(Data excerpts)

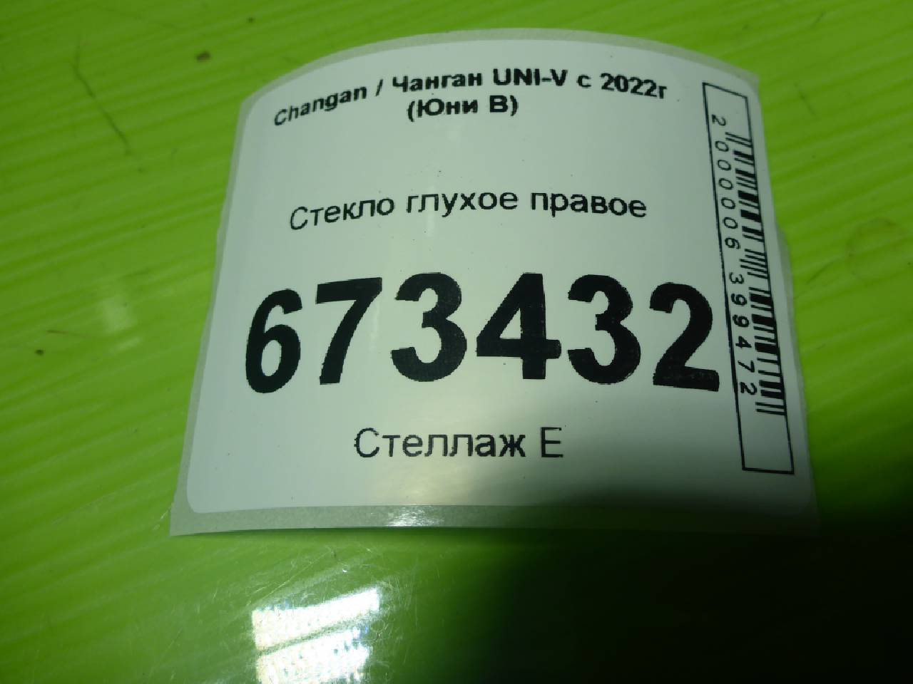 Деталь: Changan UNI-V - Стекло глухое правое
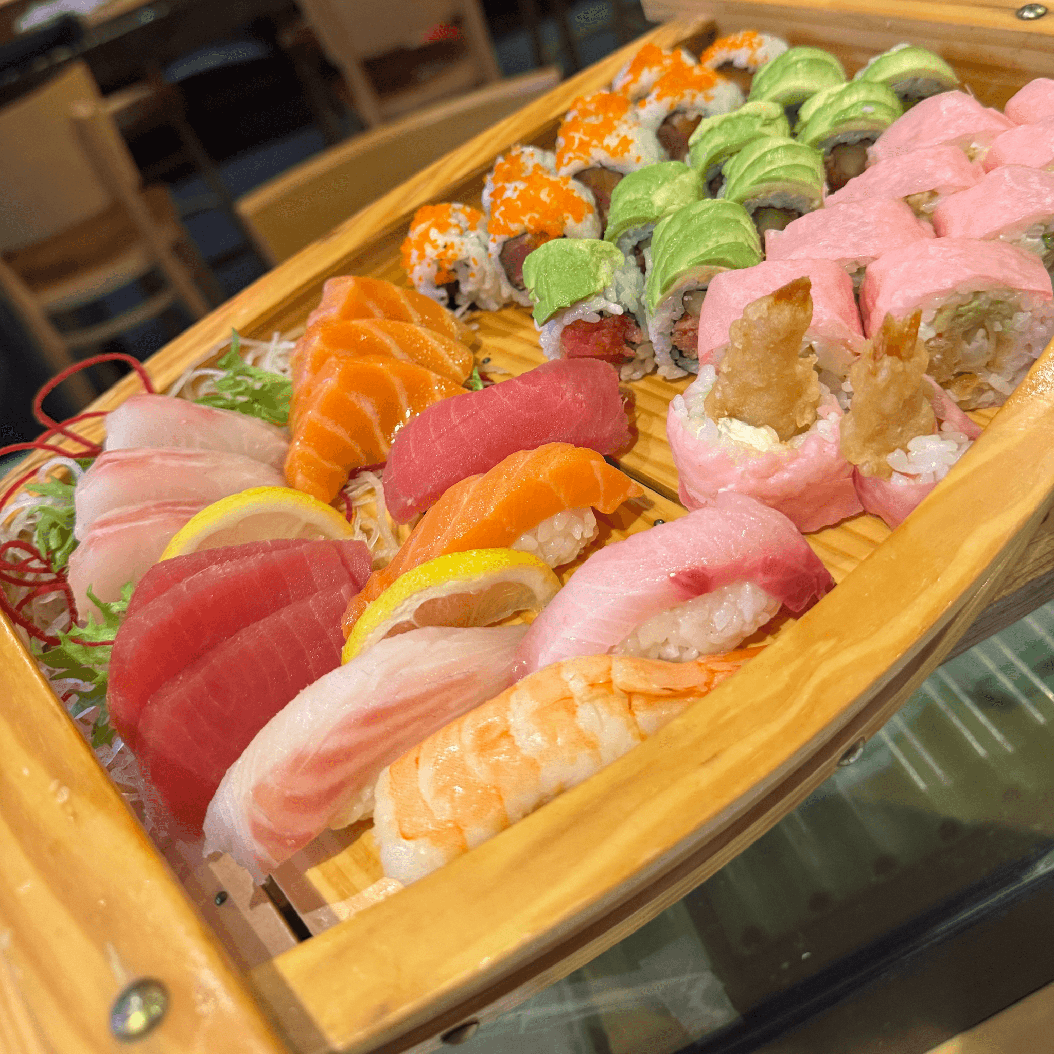 California roll topped with tuna, salmon, white fish, and avocado
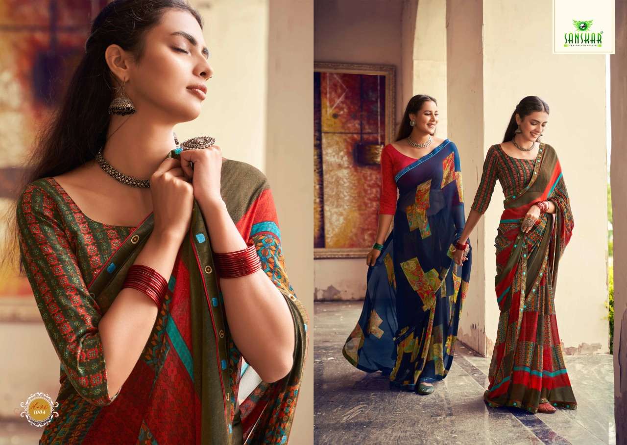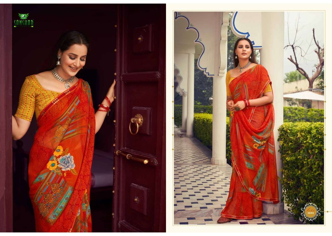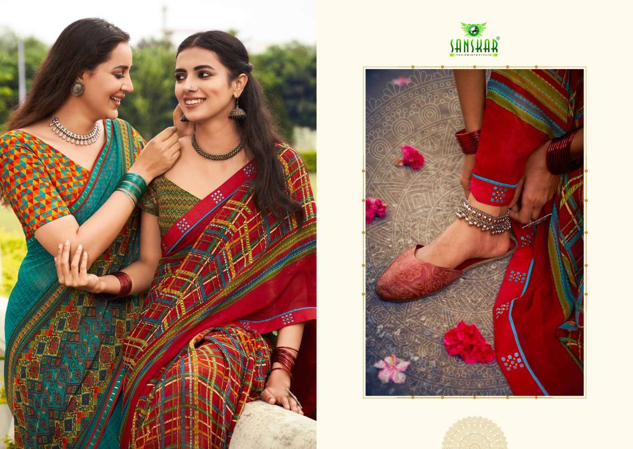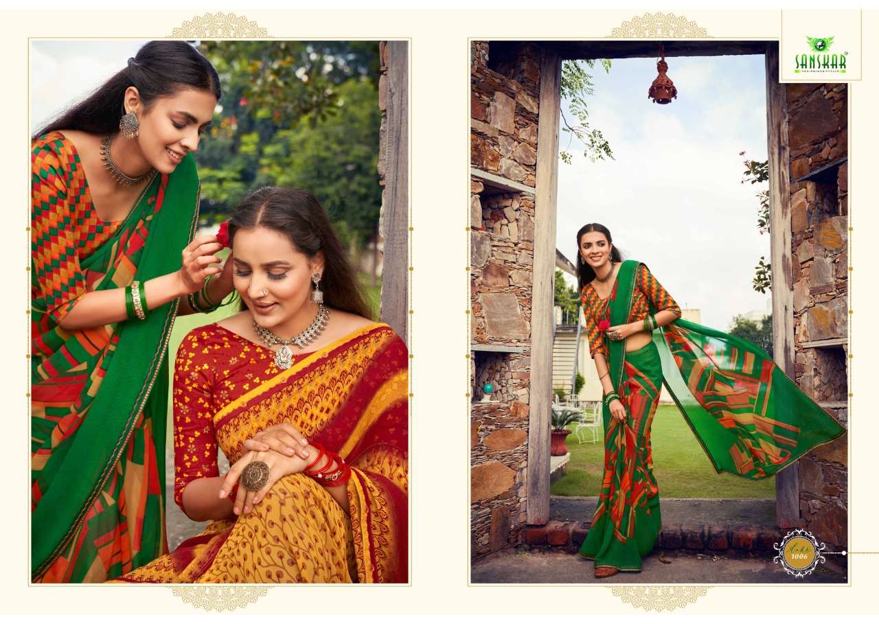 Brand :- Sanskar Print New launching CATLOUGE- RAASRANG Fabric- Bember Georgette with fancy border Qty- 8 dis RATE - 635₹ _Special pure bamber georgette Catalogue!!_ |
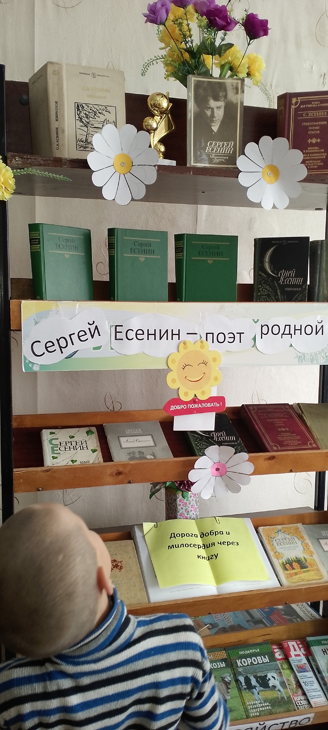 Поэт жил и творил в 1895-1925 годах. Была организована выставка его книг и сочинения детей, интересующихся творчеством Есенина. Библиотекарь Шачкина Л. Ю. познакомила творчеством Есенина. К вершинам поэзии Есенин поднялся из глубин народной жизни. "Рязанские поля, где мужики косили, где сеяли свой хлеб" стали колыбелью его поэзии. Есенин не только прекрасно знал жизнь крестьянской России, он был его сыном, болел её болями, радовался её радостями.
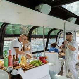 Ne vous inquiétez pas si la météo semble peu clémente : notre bateau peut être entièrement vitré, assurant un maximum de confort pour que la fête se poursuive, qu'il pleuve ou qu'il vente.
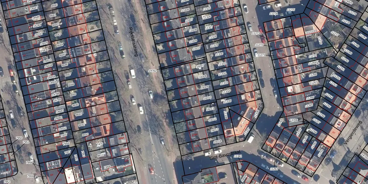 Gebruik de zoekbalk of klik op een perceel voor informatie over de adressen binnen dit perceel.
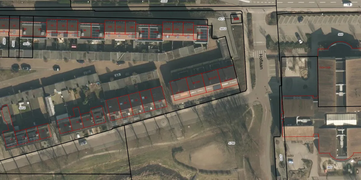 Hoflaan 97 is gelegen op kadastraal perceel GBK00L5654. Deze kadastrale aanduiding is uniek en wordt gebruikt door het Kadaster om eigendomsrechten en andere zakelijke rechten vast te leggen. Het perceel maakt onderdeel uit van de kadastrale gemeente Groesbeek.

> [EXERCISE AIM]
Once the line with "Brand :- Sanskar" has been found above, output that line and every later line exactly, stopping after the line with "Ne vous inquiétez", and omit the pictures.

> [EXERCISE SOLUTION]
 Brand :- Sanskar Print New launching CATLOUGE- RAASRANG Fabric- Bember Georgette with fancy border Qty- 8 dis RATE - 635₹ _Special pure bamber georgette Catalogue!!_ |
 Поэт жил и творил в 1895-1925 годах. Была организована выставка его книг и сочинения детей, интересующихся творчеством Есенина. Библиотекарь Шачкина Л. Ю. познакомила творчеством Есенина. К вершинам поэзии Есенин поднялся из глубин народной жизни. "Рязанские поля, где мужики косили, где сеяли свой хлеб" стали колыбелью его поэзии. Есенин не только прекрасно знал жизнь крестьянской России, он был его сыном, болел её болями, радовался её радостями.
 Ne vous inquiétez pas si la météo semble peu clémente : notre bateau peut être entièrement vitré, assurant un maximum de confort pour que la fête se poursuive, qu'il pleuve ou qu'il vente.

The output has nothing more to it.